Before renowned acrobat and aerialist Nik Wallenda takes to the tightrope to walk across an active volcano in Nicaragua, let’s revisit his death-defying stunt from 2019 when he and his sister Lijana walked across Times Square in New York City.
The Times Square Walk Was More Complicated Than Most of Wallenda’s Walks
Nik Wallenda is known for his high-flying wire rope walks, but this was the first time he did one with his sister, Lijana. They are part of the seventh generation of the Flying Wallendas family of acrobats and aerialists. To make things even more dangerous during the Times Square walk, the two of them actually crossed over each other on the wire.
The two Wallenda siblings began the walk on opposite ends of the wire and then when they met in the middle, Lijana had to crouch down so that Nik could step over her. It added an extra level of danger and intensity to a situation that was already high-pressure and stressful.
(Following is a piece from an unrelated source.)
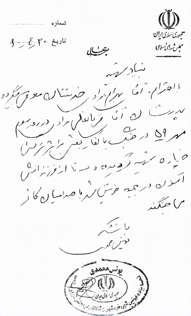 سندی که در ادامه مشاهده میکنید، نامهای مربوط به سال ۱۳۶۰ از سوی «یونس محمدی» نماینده وقت خرمشهر و شادگان در مجلس شورای اسلامی به بنیاد شهید است که در آن «بهرام مرادی» فرزند دیگر این خانواده که او هم در جبههها حضور داشته را بهعنوان فرزند شهید به این بنیاد معرفی کرده است.

On top of that, this was Lijana’s first wire walking stunt since a horrible accident left her with multiple broken bones.
In 2017, the Flying Wallendas Suffered a Terrible Fall
It would be hard to perform such death-defying stunts and never have a misstep or an accident, even for the seasoned professionals Flying Wallenda family.
In 2017, while performing at Circus Sarasota in Florida, the Flying Wallendas’ eight-person pyramid collapsed. Nik and two other performers were able to cling to the wire rope during the fall, but the other five members of the stunt were not so lucky and fell 30 feet to the ground below.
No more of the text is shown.